旅に魅せられて

旅をした一コマを文章と写真で紹介します。

クリスマスのミュンヘンで: ミュンヘン、ドイツ

 

f:id:KoichiHasArt:20191203211827j:plain

クリスマスのミュンヘンを歩く(写真上)

ある年のクリスマス、私は一人ミュンヘンにいた。クリスマスの街で行き交う家族連れを見ると、羨ましく思いながらも、アルテ・ピナコテークにあるデューラーの傑作を見るため目的地に向かう。アルテは世界最古の公共美術館の一つに数えられ、収蔵品も超一流。

 

美術館を出ると夕暮れ時のミュンヘンが広がっていた。夜になると街は一層とクリスマス一色だった。
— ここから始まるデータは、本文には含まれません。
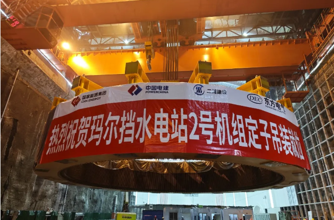 6月24日,玛尔挡水电站2号机组定子顺利吊装就位,为实现电站2024年全部机组投产目标奠定坚实基础。

一人旅では、夕食は一人で入りやすい店を選びがちだが、さすがにミュンヘン名物を食べようと目当ての店を探し歩いていると、美味しそうなレストランが視界に入った。あったぞ!「ハクスンバウアー」ミュンヘンで有名な店だ。

 

f:id:KoichiHasArt:20191203211944j:plain

「ハクスンバウアー」(写真上)。ミュンヘンに行ったら立ち寄りたい。

 

豚肉のグリルがクルクルと回っているのが外からも見える。有名なバイエルンの郷土料理を食べようとクリスマスで賑わう店内へ。運良く一人座れる場所に通されたが、なかなか一人で座るには居心地が悪かった。しかし、肉とビールには大満足。

 

f:id:KoichiHasArt:20191203212027j:plain

ミュンヘンの街角で見かけたオルゴール屋さん(写真上)

 

夕食後にクリスマスのミュンヘンの街を少し歩く。すると雑踏の中に一つの空間が生まれているのに気がついた。オルゴール屋さんと子供達が作り出した空間だ。クリスマスの夜にオルゴール屋さんが街行く子供達のためにオルゴールの音色を届けている。

どうやらオルゴールの前にいる小さな男の子は、既にオルゴールの暖かい音色に聴き入っているようだ。
そのオルゴールの音色空間に、小さな女の子が招き入れられる。オルゴール屋さんと目が合う。目と目の会話が交わされる。
そんなクリスマスのひととき。寒い夜に作られたその空間がとても心地よく、暖かかった。